Mike McQueary, a former graduate student considered to be a key witness in the Sandusky case, has testified that he alerted Paterno in 2002 that he’d seen what appeared to be Sandusky sexually assaulting a boy in a shower in Penn State’s athletic facilities, an allegation that authorities didn’t learn of until years later.
Paterno apparently told the university’s athletic director, Tim Curley, but no one notified police. Curley and Gary Schultz, Penn State’s senior vice president for finance and business, are now facing felony charges of perjury and failing to report the allegations to authorities.
Prosecutors said later that the McQueary incident took place about a year earlier than what was originally alleged, causing defense attorneys for Curley and Schultz to argue that one of the charges should now be dropped. Both of them have pleaded not guilty, and their attorneys have said that prosecutors “charged this case before (they) knew the facts.”
The Sandusky trial is expected to last about three weeks.
Prosecutors plan to call more than 50 witnesses, and the defense plans to call about 100. Witnesses during the trial are expected to include Jay and Sue Paterno, coach Joe Paterno’s son and widow; and former university President Spanier, among others. Defense attorneys have said their list will also include seven Sandusky family members.

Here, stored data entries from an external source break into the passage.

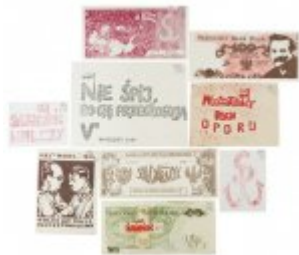
Pamiątki pochodzące z kolekcji rodziny Komierowskich
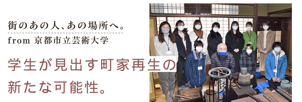
街のあの人、あの場所へ。 from 京都市立芸術大学
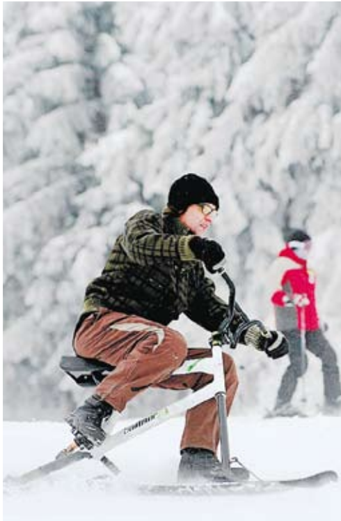
Snowbike C'est beaucoup moins difficile à maîtriser que ça en a l'air! Deux skis courts peuvent même être ajoutés aux pieds afin d'obtenir plus de stabilité. Les snowbikes, qui se chevauchent sur le domaine skiable, se louent auprès de plusieurs écoles suisses de ski, qui proposent aussi des cours. Parmi elles, celles de Crans-Montana et de Grächen (VS). → www.essmontana.ch → www.snowbikegrachen.ch
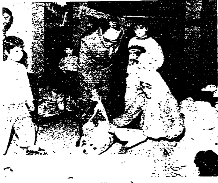
في بيروت الغربية
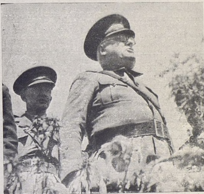
EL GENERAL MIAJA

El ejemplo del gran luchador antifascista lo han tenido siempre los "Dimitrovistas" ante sus ojos, cuando se lanzaron al ataque contra el enemigo y cuando contenían los ataques de las bandas fascistas. Esto ha unido a todos los "Dimitrovistas" compuestos de varias nacionalidades, y de varios movimientos políticos antifascistas. Todos "Dimitrovistas": españoles, croatas, serbios, checos, eslavos, eslovenos, búlgaros y montenegrinos, que, como todos, luchaban heroicamente contra los bárbaros fascistas, enemigos de la Libertad, de la Paz y de la Democracia. Los "Dimitrovistas" no pueden ser vencidos; ellos saben que luchan en España contra los invasores fascistas de Hitler y de Mussolini y también saben que luchan por la libertad y el pan de sus familiares, así como de todos los pueblos. Ellos saben lo que quieren y cómo hace falta luchar; por eso forman parte de una colectividad invencible.
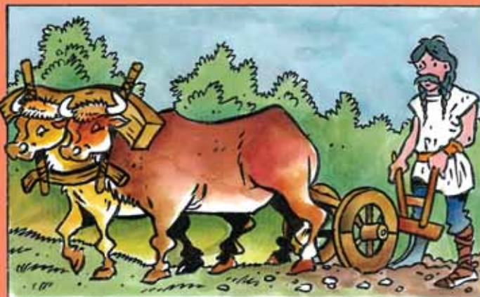
Její manžel byl zemědělec.
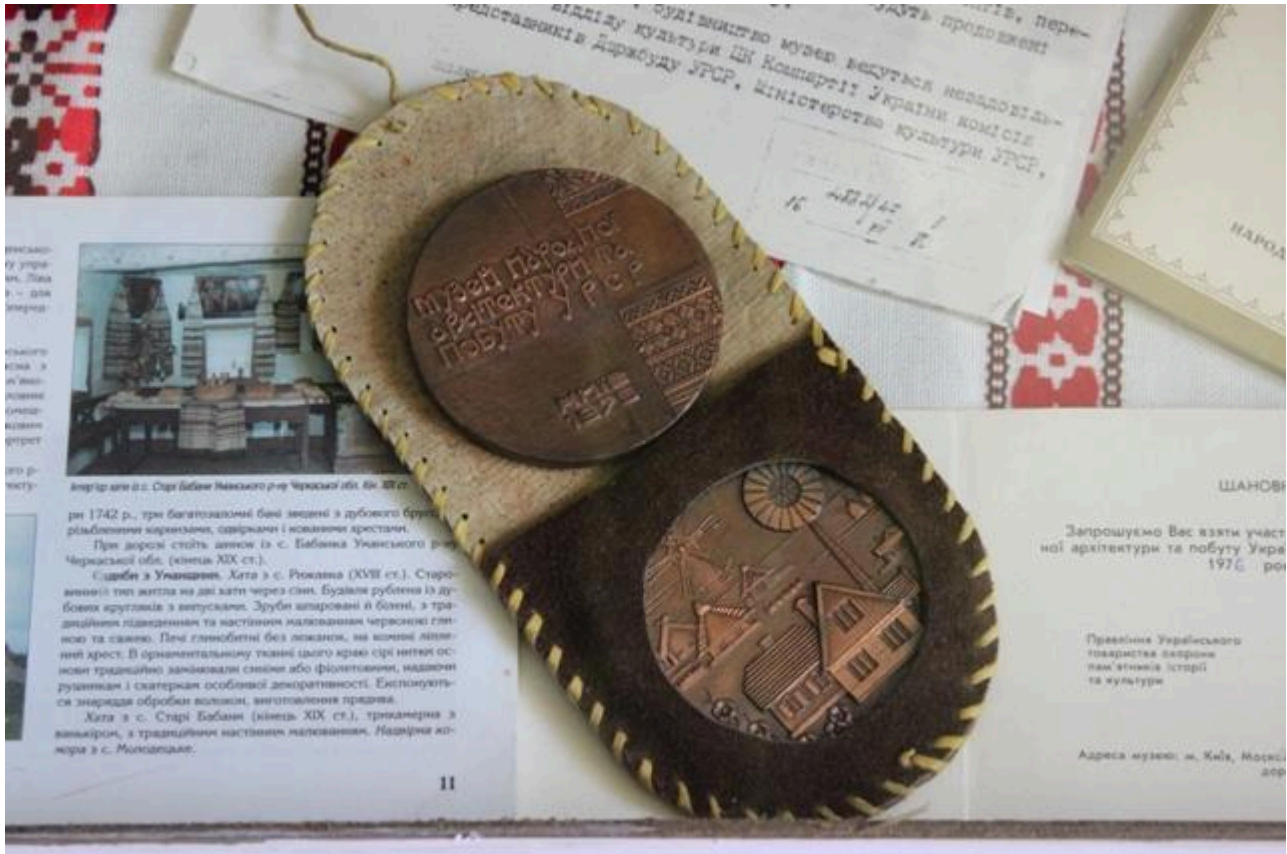
Фото 4. Експонати, пов'язані з відкриттям Національного музею народної архітектури та побуту України у 1976 році (тоді Державного музею народної архітектури та побуту УРСР).

прорахунки... Так , у розробленому проекті експозиції музею помітне замилювання патріархальною старовиною. Серед зібраних речей мало таких, які дають уявлення про класові суперечності та соціальну нерівність в українському дореволюційному селі.» [7].

Several of Sandusky’s alleged victims asked to have their identities protected during the trial. But Cleland ruled against that request, saying “courts are not customarily in the business of withholding information.”
However, the judge noted, “It is also to be hoped that various news organizations that will report on the trial will use what has become their professional custom to protect the privacy of alleged victims.”
CNN generally does not identify alleged victims of sexual assault.
Cleland also told members of the jury pool that jurors in the case will not be sequestered, saying he will trust them not to read newspapers or follow the case online.
“It’s important nobody in the world will know as much about this trial as the people sitting in that jury box,” he said last week.